Hostile Takeover Battle Between Kushner Cos and Veris Residential Continues
Veris fires back after Kushner had publicly provided details that it said backed up its mismanagement charges targeting the REIT.
When Kushner Cos. sent a hostile bid letter dated October 20 to rival Veris Residential, claiming poor management resulting in a significant reduction of value, then offering to acquire all outstanding shares of the REIT for $16 per share, things seemed a bit vague.
Sharp criticisms in the letter lacked detailed substantiation and were impossible to immediately verify. A remark in the letter from chairman Charles Kushner about “attempts at fruitful engagement with the Board and management over the last several months” seems a reference to Kushner’s claim of a Veris board non-response to its wish to manage the REIT’s properties.
Now everyone has doubled down. Kushner released a follow-up last week to the letter, offering some additional details like the companies they said were a peer group. And now Veris replied after what it called “strong Q3 2022 earnings results” came out on Wednesday after market close.
First, to Kushner and the follow-up presentation. The eight companies listed as the peer group are all REITs that focus on multifamily, which is where Veris is moving toward as it disposes of its office holdings.
Veris had the smallest number of properties at 22. Only Elme was close with 27. All the others ranged from 75 (AIR Communities) to 310 (Equity Residential). That might help explain disparities in measuring G&A.

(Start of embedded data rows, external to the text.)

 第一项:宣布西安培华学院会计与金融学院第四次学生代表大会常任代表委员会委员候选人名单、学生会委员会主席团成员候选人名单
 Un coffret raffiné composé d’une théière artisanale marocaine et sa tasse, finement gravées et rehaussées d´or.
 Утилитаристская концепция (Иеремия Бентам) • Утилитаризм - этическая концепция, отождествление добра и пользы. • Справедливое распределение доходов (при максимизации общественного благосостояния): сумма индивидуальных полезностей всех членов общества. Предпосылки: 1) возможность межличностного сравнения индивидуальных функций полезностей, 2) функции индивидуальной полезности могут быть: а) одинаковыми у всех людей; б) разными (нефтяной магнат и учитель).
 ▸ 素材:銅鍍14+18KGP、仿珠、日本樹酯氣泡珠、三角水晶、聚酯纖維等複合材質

Kushner showed Veris as having 2021 total G&A of $57.20 (GlobeSt.com verified numbers directly with companies’ annual reports and SEC filings), which was 0.87% of assets, a measure that NAREIT uses. The other REITs ranged from 0.29% to 0.17%, except for Elme at 1.04%.
Similarly, Kushner’s use of a G&A dollars per residential unit put Veris at the top with $7,687. The company also had the lowest number of units at 7,441. Again, seven of the eight peer group members had much lower figures, from $535 to $986, though the number of units ranged from 25,363 to 98,778. The exception again was Elme, with 8,868 units and a per-unit measure of $3,105. It may be that there is an inherent issue of scale, and that the way to get true financial efficiencies is through scaling up the number of properties and number of units, not through smarter operations alone.

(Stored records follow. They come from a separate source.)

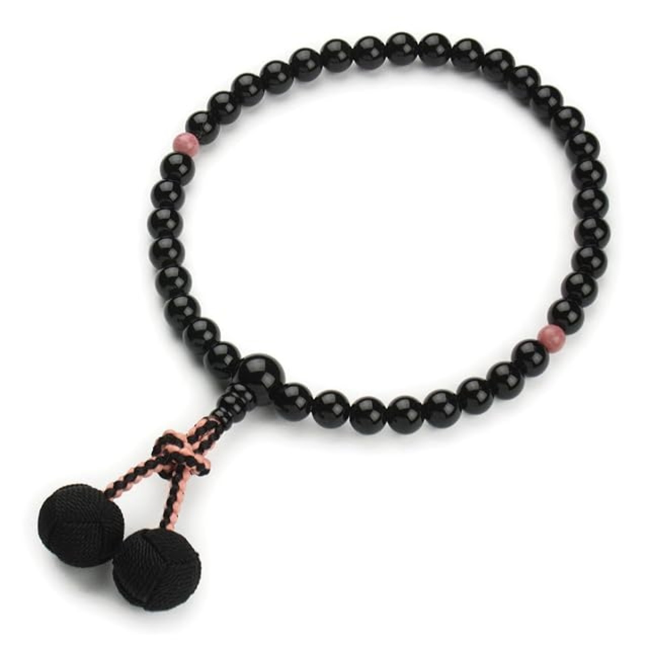 創業80余年の老舗数珠メーカー「念珠堂」が製造する安心の日本製数珠。<br>熟練数珠職人が丹精込めて仕立てた逸品をお届け致します。<br><br> 艶やかな漆黒が美しい黒オニキスに紅簾石(こうれんせき)をあしらった女性用お数珠です。<br>葬式や法事などフォーマルの場で違和感なくお持ち頂けます。<br>シックな中にも可愛らしさを兼ね備えたお数珠に仕立てました。<br><br>この房はバッグに入れたままでもクシャクシャになる心配がなく、丈夫で扱いやすい房でございます。<br><br>携帯に便利な数珠袋をお付けさせて頂きます。<br><br>全ての宗派でお使い頂けます。<br><br>主玉:黒オニキス7mm、二天玉:紅簾石 5mm、親玉:黒オニキス10mm、房:正絹小田巻梵天房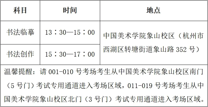 书法类省统考包括书法临摹、书法创作两个科目,均在2025年12月8日下午开考,具体考试时间和地点如下: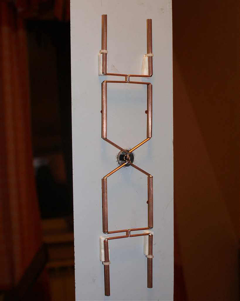 Я потом когда доводил свою модель, вибраторы сделал немного длиннее(почти 5/8 Л), а мосточки соответственно короче. Получилось немного больше усиления по сравнению с полволновыми вибраторами...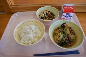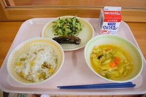 三色豆ごはん、ほうとう、いわし梅煮、昆布和え、牛乳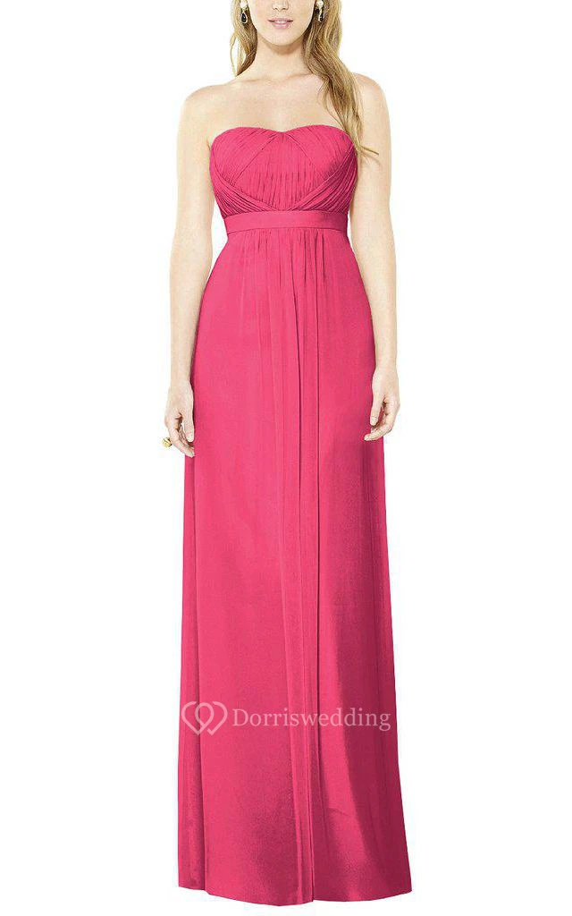 Strapless Ruched Bodice Long Chiffon Bridemaid Dress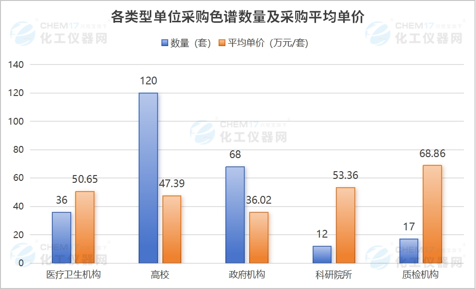 從平均采購單價來看,11月各單位采購色譜儀的平均單價在36-69萬元/套之間。其中,質(zhì)檢機(jī)構(gòu)的平均采購單價最高,采購平均單價為68.86萬元/套;其次為科研院所,采購平均單價為53.36萬元/套。

Veris emailed a rejection of the takeover bid to Kushner on Thursday. The company’s board wrote that the $16-per-share offer “grossly undervalues the Company in its current form and denies Veris Residential shareholders the substantial value expected to be unlocked from the pending completion of the Company’s strategic transformation.” The board also said that it had communicated its “unanimous rejection of your proposal” on October 4.
The company also rejected out of hand the idea of contracting with Kushner to manage the residential units as “Kushner Companies lacks third-party management expertise, has a well-documented history of questionable management practices, and is in direct competition with Veris Residential, creating inherent conflicts of interest.”
Veris reiterated the steps the company has taken to shed the largely commercial properties of one of its two companies, Mack-Cali Realty Corporation, and instead focus on the multifamily interests of Roseland Residential Trust. The two had “separate, largely duplicative cost structures which were, in part, a function of contractual arrangements instituted by legacy management.”
However, Veris did not directly address the comparisons Kushner made in its most recent public presentation.